1.67 seksinrichting:
een voor publiek toegankelijke besloten ruimte waarin bedrijfsmatig, of in een omvang alsof zij bedrijfsmatig was, seksuele handelingen worden verricht of vertoningen van erotisch-pornografische aard plaatsvinden en waaronder in elk geval wordt verstaan een prostitutiebedrijf, waaronder begrepen een erotische massagesalon, seksbioscoop, seksautomaat, sekstheater of parenclub, al dan niet in combinatie met elkaar.
1.68 stacaravan:
een aanhangwagen, zonder uitgebreide aanpassingen als één geheel verrijdbaar, die kan dienen als recreatief onderkomen, daaronder overnachting begrepen, met een lengte van meer dan 8 m en/of een breedte van meer dan 2,5 m, dan wel een ander, zonder uitgebreide aanpassingen als één geheel verrijdbaar, kampeermiddel, dat niet is of kan worden uitgerust om als aanhangwagen achter een motorvoertuig over de openbare weg te worden voortbewogen.
1.69 standplaats:
een gedeelte van een terrein bestemd voor de plaatsing van een kampeermiddel, inclusief bij dat kampeermiddel behorende ondergeschikte onderkomens, zoals bijzettenten.
1.70 vollegrondsteeltbedrijf:
agrarisch bedrijf in de land- en tuinbouwsector dat zich richt op het telen van gewassen met een bedrijfsvoering die geheel of in overwegende mate niet in gebouwen plaatsvindt;
1.71 volwaardig agrarisch bedrijf:
een agrarisch bedrijf dat de arbeidsomvang heeft van tenminste één volledige arbeidskracht en waarvan de continuïteit ook op lange termijn in voldoende mate verzekerd is.
1.72 voorgevel:
de lijn die gelijk loopt aan de naar de straat gerichte voorgevel van het hoofdgebouw en het verlengde daarvan. Van een hoofdgebouw gelegen op de hoek van meer dan 1 straat moeten alle gevels van het hoofdgebouw, gelegen aan de straatkant, gezien worden als voorgevel.
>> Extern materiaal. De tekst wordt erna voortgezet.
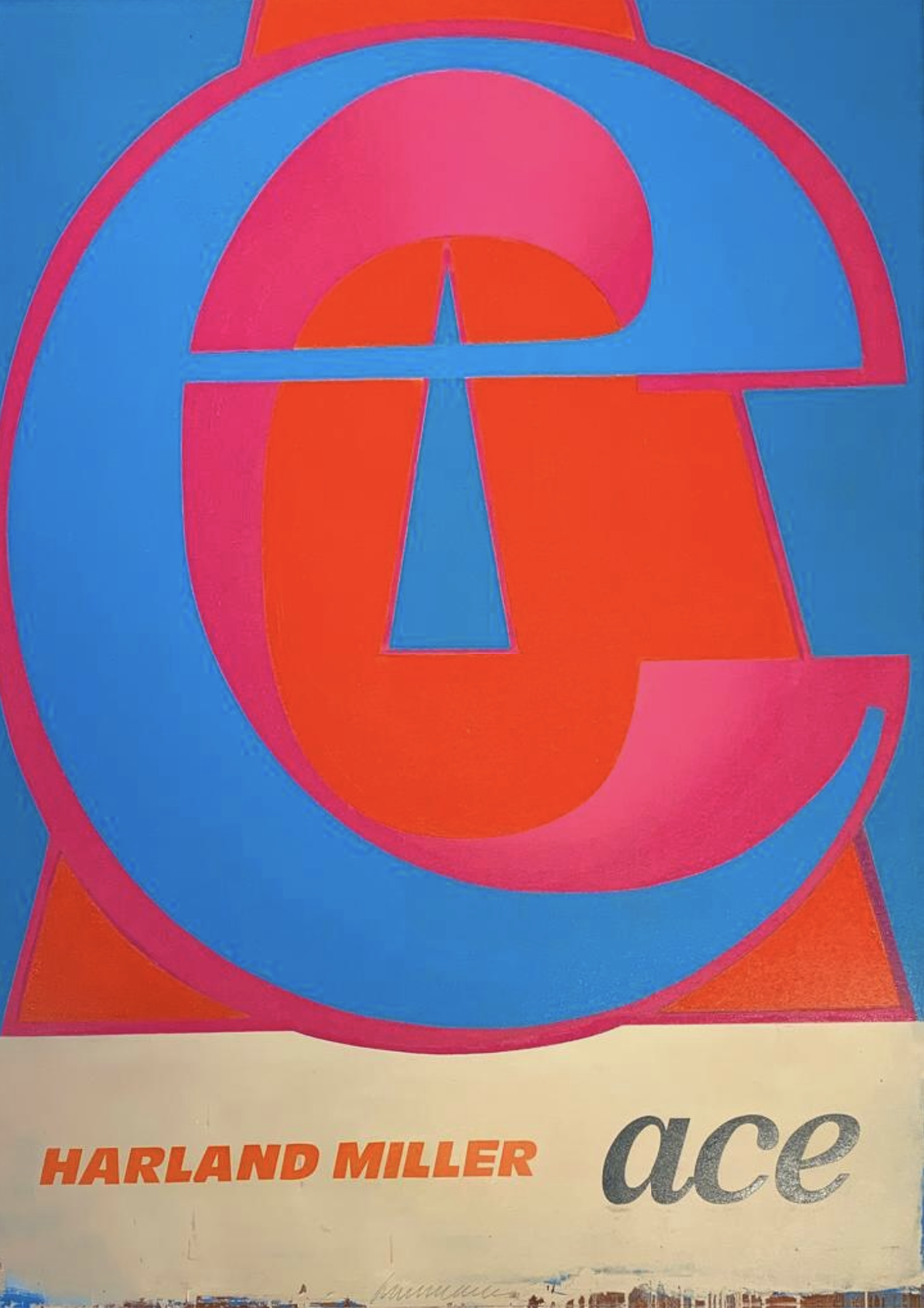 Etching with woodcut. Ace (2019) by Harland Miller is a bold fusion of text, geometry, and saturated color, executed in etching with woodcut. Dominated by a monumental letterform in electric blue, vivid red, and hot pink, the composition plays with typographic abstraction, its sharp edges softened by the textured impression of the printmaking process. The lower register, featuring Miller’s name and the word ace in contrasting typefaces, recalls vintage book covers while exuding contemporary pop energy. This edition of 50 exemplifies Miller’s skill in blending literary references, graphic design, and painterly sensibility into a striking visual statement.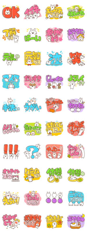 うさぎゅーんのデカ文字スタンプが初登場!!! 大きくて見やすい!カラフル可愛い!相手を気遣う内容多めです!うさぎゅーんと一緒に楽しく過ごしましょ〜!!!

1.73 Wet algemene bepalingen omgevingsrecht:
wet van 6 november 2008 (Stb. 496), houdende regels inzake een vergunningstelsel met betrekking tot activiteiten die van invloed zijn op de fysieke leefomgeving en inzake handhaving van regelingen op het gebied van de fysieke leefomgeving (Wet algemene bepalingen omgevingsrecht), zoals deze luidt op het moment van de terinzagelegging van het ontwerp van dit plan.
1.74 woning:
een (gedeelte van een) gebouw, niet zijnde een woonwagen, dat dient voor de huisvesting van één huishouden.
1.75 woning/woningeenheid:
een (gedeelte van een) gebouw dat dient voor de huisvesting van één huishouden.
1.76 woonwagen:
voor bewoning bestemd gebouw dat in zijn geheel of in delen kan worden verplaatst en op een daartoe bestemd perceel is geplaatst.
1.77 Verbeelding:
De verbeelding van het wijzigingsplan ‘Terweistraat 2, Zoelen’, bestaande uit de kaart met nr. NL.IMRO.0214.ZOETerweistraat2-BVA1.